Featuring an exclusive interview with the restaurant’s owner!

Source: The Ashville Steakhouse's Facebook page

Eating challenges are often seen as a primarily American pastime. However, this isn’t exclusive to the United States. Over the past few decades, the United Kingdom’s list of eating challenges grew by leaps and bounds. A recent and notable addition to that trend: a 96oz steak, available at Bristol’s own Ashville Steakhouse.

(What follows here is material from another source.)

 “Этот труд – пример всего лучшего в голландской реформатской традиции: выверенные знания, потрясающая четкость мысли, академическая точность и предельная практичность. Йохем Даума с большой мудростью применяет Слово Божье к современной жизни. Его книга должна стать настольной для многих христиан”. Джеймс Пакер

Six pounds of meat may intimidate the inexperienced (including this reporter). However, other eating challenges around the world revolve around steaks of the same size. What makes this one different, and more difficult, is everything else on the plate. Challengers have an hour to finish not only the steak, but also their choice of five sides. If you miss so much as a single homemade triple-cooked chip, you pay £110. If you succeed, you’ll actually leave the building £50 richer.

Sandor Marton, owner of the restaurant for the past three years, delved into the challenge’s origins in an exclusive interview with Trill! Magazine. He first introduced steak to the menu back in October 2016 with a 22oz T-bone. It proved surprisingly successful with customers. “I decided that I would then go bigger and introduced the 36oz, and that had an even bigger response, simply because of its size. Over the past few months of this year I decided to test the water a bit and go bigger and bigger until one day out of nowhere I had a thought about doing a challenge.”

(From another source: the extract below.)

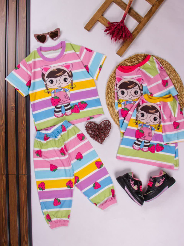 تیشرت شلوار نخی بچگانه دخترانه توت فرنگی

Marton wasn’t talking about the one in today’s headline. Almost a year ago, the restaurant, then called simply The Ashville, offered a different challenge with a 72oz steak. The smaller cut size doesn’t mean an easier contest. For one, the steak is slathered in two kinds of sauce. For another, contenders also had to eat triple cooked chips, grilled tomato, mushroom, salad, vegetables, onion rings, and garlic bread. To top it all off, they also had to down a pint of cider or lager.

All these extras may be why the “ten or eleven” people who tried couldn’t beat it. Marton decided the next challenge would “go bigger with the steak itself but maybe limit some of the garnish.” That means that even though this new challenge has an extra pound-and-a-half of meat, it shouldn’t be as difficult.

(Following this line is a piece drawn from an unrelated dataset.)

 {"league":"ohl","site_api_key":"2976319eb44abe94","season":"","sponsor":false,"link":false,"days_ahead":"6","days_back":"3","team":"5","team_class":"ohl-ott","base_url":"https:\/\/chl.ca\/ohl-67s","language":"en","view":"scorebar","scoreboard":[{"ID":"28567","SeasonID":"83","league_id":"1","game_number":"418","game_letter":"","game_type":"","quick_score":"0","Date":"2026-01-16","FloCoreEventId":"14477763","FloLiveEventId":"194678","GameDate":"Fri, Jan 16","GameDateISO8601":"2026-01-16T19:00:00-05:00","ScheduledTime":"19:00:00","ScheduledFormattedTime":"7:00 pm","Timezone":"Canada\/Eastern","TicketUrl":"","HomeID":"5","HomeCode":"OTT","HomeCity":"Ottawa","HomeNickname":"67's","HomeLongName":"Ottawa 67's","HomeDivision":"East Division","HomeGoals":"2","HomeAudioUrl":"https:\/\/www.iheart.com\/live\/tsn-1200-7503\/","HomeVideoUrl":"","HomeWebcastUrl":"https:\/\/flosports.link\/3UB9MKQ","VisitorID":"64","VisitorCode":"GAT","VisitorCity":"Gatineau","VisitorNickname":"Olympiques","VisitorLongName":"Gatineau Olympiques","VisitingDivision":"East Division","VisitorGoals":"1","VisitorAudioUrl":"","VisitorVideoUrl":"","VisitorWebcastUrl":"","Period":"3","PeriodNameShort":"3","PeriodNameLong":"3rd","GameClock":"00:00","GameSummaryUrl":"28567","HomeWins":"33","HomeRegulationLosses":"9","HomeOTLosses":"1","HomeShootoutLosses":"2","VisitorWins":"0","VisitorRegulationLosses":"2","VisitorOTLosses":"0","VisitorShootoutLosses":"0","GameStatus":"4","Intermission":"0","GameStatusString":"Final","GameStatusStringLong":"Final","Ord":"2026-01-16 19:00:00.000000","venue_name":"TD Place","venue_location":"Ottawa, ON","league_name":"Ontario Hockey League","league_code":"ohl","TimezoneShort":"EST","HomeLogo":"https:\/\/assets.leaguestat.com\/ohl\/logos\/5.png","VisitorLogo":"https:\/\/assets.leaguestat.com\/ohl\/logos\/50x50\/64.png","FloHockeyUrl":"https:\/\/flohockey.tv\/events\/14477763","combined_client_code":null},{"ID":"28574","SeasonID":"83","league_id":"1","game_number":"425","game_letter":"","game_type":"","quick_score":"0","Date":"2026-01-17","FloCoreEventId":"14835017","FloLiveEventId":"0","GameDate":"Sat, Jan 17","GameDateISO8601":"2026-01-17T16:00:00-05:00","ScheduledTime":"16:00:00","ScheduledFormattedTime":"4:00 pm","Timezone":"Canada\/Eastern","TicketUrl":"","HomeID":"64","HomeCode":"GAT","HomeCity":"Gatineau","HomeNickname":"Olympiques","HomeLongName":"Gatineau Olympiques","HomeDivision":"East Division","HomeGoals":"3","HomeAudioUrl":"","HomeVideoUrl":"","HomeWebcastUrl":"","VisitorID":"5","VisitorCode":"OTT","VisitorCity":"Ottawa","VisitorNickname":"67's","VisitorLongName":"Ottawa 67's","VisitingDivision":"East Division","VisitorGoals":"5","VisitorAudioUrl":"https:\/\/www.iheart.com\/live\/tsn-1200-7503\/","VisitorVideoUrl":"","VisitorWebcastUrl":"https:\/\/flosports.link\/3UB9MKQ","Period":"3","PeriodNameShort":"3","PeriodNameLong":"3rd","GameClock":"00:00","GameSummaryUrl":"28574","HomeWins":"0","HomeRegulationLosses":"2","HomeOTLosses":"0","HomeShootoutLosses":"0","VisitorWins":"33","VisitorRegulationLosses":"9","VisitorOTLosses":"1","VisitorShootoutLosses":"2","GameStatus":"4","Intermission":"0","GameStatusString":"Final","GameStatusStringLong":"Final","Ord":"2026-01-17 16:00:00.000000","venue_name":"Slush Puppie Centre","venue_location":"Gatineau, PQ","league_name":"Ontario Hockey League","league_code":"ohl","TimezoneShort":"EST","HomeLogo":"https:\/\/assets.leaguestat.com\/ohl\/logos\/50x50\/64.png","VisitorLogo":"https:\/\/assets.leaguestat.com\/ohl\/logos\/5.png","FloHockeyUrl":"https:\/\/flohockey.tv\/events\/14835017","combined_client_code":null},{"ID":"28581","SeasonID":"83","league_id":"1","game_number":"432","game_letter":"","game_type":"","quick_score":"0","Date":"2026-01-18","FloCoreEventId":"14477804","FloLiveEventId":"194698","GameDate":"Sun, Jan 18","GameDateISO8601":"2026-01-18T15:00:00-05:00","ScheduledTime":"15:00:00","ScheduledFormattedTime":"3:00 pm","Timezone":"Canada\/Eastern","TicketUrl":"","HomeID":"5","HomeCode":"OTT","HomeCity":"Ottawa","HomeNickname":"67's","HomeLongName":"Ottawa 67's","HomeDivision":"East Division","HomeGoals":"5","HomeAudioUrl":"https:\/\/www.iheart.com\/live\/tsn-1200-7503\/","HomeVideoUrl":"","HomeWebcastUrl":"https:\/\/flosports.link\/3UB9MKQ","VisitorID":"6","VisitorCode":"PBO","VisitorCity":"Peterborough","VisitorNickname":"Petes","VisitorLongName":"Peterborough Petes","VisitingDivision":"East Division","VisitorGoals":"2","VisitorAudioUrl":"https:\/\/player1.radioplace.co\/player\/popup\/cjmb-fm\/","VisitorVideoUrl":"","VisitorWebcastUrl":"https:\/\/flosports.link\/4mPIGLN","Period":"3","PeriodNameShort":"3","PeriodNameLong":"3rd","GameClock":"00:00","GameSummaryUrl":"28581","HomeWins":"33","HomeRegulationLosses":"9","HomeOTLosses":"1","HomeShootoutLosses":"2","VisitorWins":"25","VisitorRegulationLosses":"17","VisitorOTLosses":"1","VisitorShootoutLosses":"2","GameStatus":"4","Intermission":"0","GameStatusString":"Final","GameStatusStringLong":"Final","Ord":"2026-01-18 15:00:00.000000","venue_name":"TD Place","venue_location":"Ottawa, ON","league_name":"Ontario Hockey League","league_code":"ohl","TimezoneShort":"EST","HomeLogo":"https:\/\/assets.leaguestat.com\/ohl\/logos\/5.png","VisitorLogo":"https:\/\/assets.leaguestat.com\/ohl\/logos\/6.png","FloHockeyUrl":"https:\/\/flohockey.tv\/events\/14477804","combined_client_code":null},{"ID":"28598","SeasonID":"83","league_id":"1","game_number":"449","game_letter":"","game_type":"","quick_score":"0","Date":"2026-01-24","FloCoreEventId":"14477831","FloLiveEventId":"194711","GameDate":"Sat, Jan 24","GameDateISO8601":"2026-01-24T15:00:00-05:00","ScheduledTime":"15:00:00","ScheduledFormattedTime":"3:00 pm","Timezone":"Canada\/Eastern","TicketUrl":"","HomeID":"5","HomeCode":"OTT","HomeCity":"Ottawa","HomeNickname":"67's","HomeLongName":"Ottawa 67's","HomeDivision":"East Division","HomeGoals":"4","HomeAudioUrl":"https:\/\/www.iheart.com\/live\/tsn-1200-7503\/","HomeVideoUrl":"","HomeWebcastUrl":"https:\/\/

This just leads me to wonder: why are people so drawn to eating challenges? Why do we have things like Man v. Food? I asked Marton, who would know better than most. His answer: “I think it’s something different for people to do.” Makes sense: eating is a mundane activity, but eating this much is unusual and therefore interesting. He also gave an answer that should have been common sense to me: “it’s just a bit of fun.”

Regardless, Marton’s high-stake steaks successfully put his diner in the public eye. The item introduced only last year now dominates the menu, and Marton even renamed the restaurant for it. After starting two challenges in less than a year, Marton isn’t thinking about going even bigger just yet. “I don’t know if I will introduce a bigger steak just yet … but who knows what the future holds.”